🤖 AI Summary
This work presents the first successful integration of forward-process reinforcement learning (RL) into MeanFlow, a fast generative model based on average velocity, to address the challenge of optimizing human preference rewards under few-step sampling. By constructing an instantaneous velocity predictor induced by the average velocity, we establish a mapping mechanism that adapts the RL objective from DiffusionNFT to the MeanFlow framework, enabling policy improvement guarantees without requiring backward trajectories or likelihood estimation. Experimental results demonstrate that the proposed method significantly outperforms existing few-step RL-based generators in both image and video generation, achieving state-of-the-art performance on six out of eight evaluation metrics. Notably, it attains a VBench score of 84.33 with only four sampling steps, surpassing multi-step RL approaches that use 50 steps.
📝 Abstract
MeanFlow generators achieve fast few-step sampling by predicting average velocities over time intervals, making them attractive for efficient generation. Reinforcement learning (RL) has become a powerful way to align diffusion and flow models with human preferences and task-specific objectives. In particular, DiffusionNFT offers an efficient forward-process RL framework that does not require reverse-process trajectories or likelihood estimation. However, applying such RL methods to MeanFlow remains underexplored. DiffusionNFT optimizes instantaneous velocities, whereas MeanFlow samples with average velocities.
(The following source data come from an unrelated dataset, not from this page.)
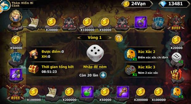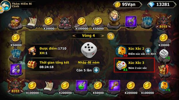 - Khi ném Xúc Xắc, nhân vật sẽ tự di chuyển dựa trên số điểm quay được. Di chuyển đến ô nào sẽ nhận phần thưởng ở ô đó
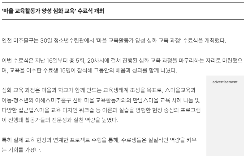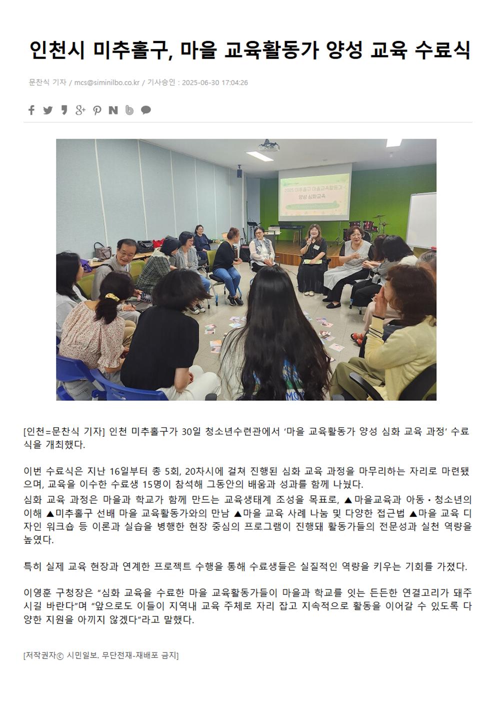 [시민일보] 인천시 미추홀구, 마을 교육활동가 양성 교육 수료식
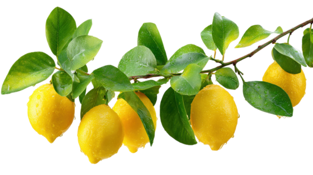 Fresh Lemons on Branch Citrus Tree Green Leaves Water Droplets Vitamin C Rich
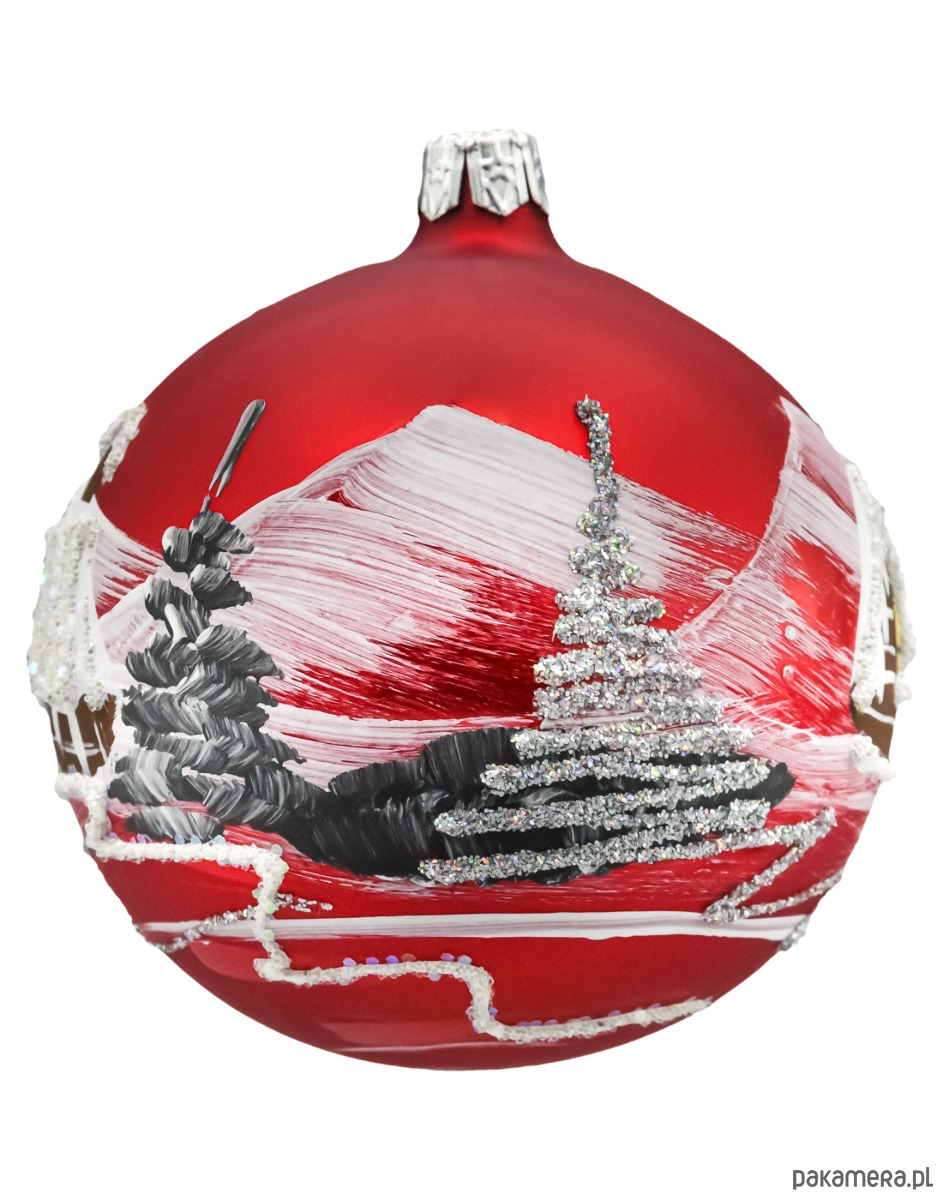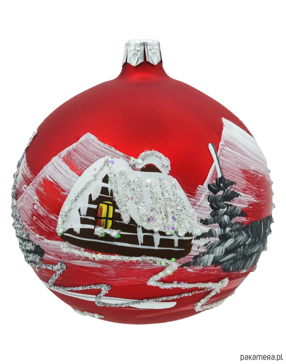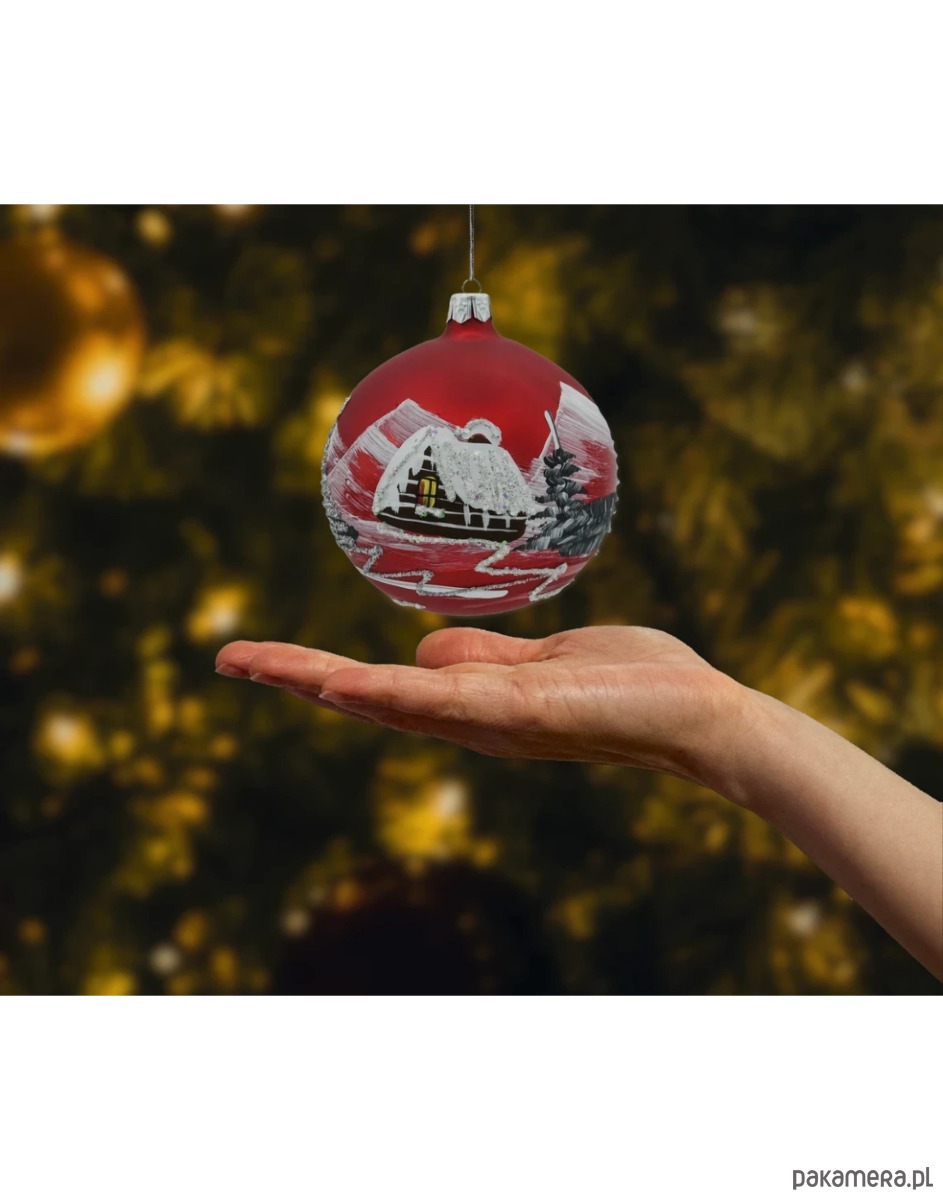 Szklana bombka choinkowa czerwona kula z zimową chatką to klasyka świątecznego wzornictwa w najlepszym wydaniu. Dmuchane szkło, ręcznie malowany pejzaż – ośnieżona górska chata, świerki i migoczący brokat – oraz elegancka, satynowa czerwień tworzą dekorację, która pięknie rozświetla gałązki choinki i wnosi do wnętrza ciepło domowych świąt. Każdy egzemplarz jest unikatowy: mistrzowie zdobnictwa nakładają farby i brokat pędzlem, dzięki czemu linie śniegu, faktura drzewek i połysk kryształków subtelnie się różnią. Bombka świetnie komponuje się z dekoracjami w stylu klasycznym, rustykalnym i skandynawskim, a neutralny motyw zimowego krajobrazu pasuje do choinek naturalnych i sztucznych. Ozdoba jest lekka, ma metalową zawieszkę i przychodzi w kartonowym pudełku z okienkiem – idealnym do przechowywania lub na prezent. Wybierz tę ręcznie zdobioną bombkę ze szkła dmuchanego i zbuduj na choince nastrojową, świąteczną opowieść.
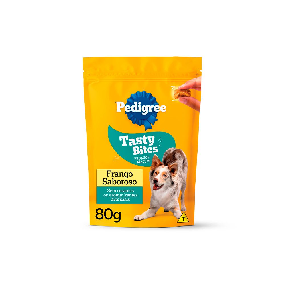 – Indicado para cães; – Petisco Pedigree Tasty Bites para Cães Adultos Sabor Frango Saboroso; – Indicado para todas as raças e portes.
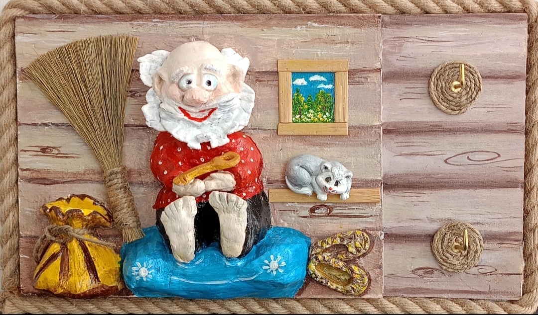 Добрый день, дорогие друзья! Совсем недавно я познакомила вас с настенными ключницами. А сегодня пойдёт разговор о ключницах, которые несут оберег для дома, в частности, это фигурка домовёнка у нас его зовут Кузей . Он, уютненько устроился на мягкой подушке в окружении предметов- помощников. -веничком он очищает дом от негативной энергии, и от недоброжелателей. -мешочек наполнен зерном, денюшками. Для денежного благополучия и достатка. За окном видны дивные просторы. Рядом пристроился котик и лапти. В руках Кузи, ключик с прицелом на новый дом. Вот такая ключница весит у нас, весёлая улыбка Кузи всегда настраивает на позитив. Покажу ещё одну ключницу на эту же тему. В изготовлении использовалась -фанера, глина, мелкие спилы, галька, цветочки, акриловые краски, лак, крючки, петля. Персонажей на этой ключнице немного больше и все тоже несут смысловое значение. Как заметили крючков больше и такая ключница подходит для большой семьи. Конечно, кто верит в помощь и способность всех п
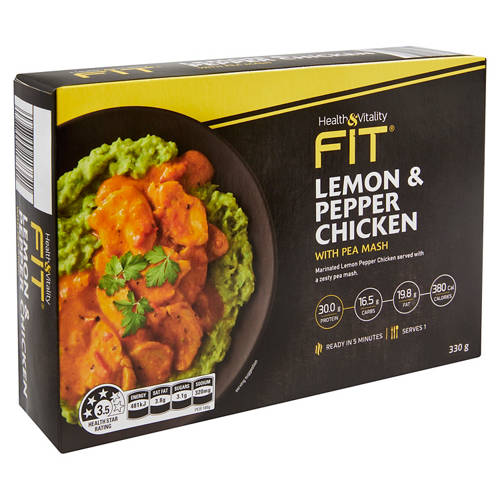 A filling and tasty meal of marinated lemon pepper chicken served with a zesty pea mash. Good source of protein. No artificial colours or flavours.
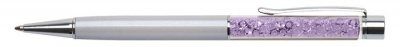 Guľôčkové pero, krémovo biele, s orgovánovo fialovým SWAROVSKI® kryštálom v hornej časti, 14 cm, ART CRYSTELLA®

To bridge this gap, we introduce MeanFlowNFT. Inspired by the MeanFlow identity, which bridges average and instantaneous velocities, we construct an induced instantaneous-velocity predictor. We apply the DiffusionNFT objective to this predictor, making reward optimization well-defined for MeanFlow. Sampling remains based on the average velocity, preserving MeanFlow's fast few-step generation. We further prove that MeanFlowNFT inherits DiffusionNFT's strict policy-improvement guarantee. Experiments on image and video generation show that MeanFlowNFT consistently improves baselines. Moreover, it outperforms prior state-of-the-art RL-tuned few-step generators on most metrics ($6$ of $8$ on SD3.5-M), and can even surpass multi-step RL-tuned diffusion while using only a few sampling steps. For instance, on Wan 2.1, $4$-step MeanFlowNFT reaches a VBench score of $84.33$, surpassing $50$-step LongCat-Video RL ($82.57$).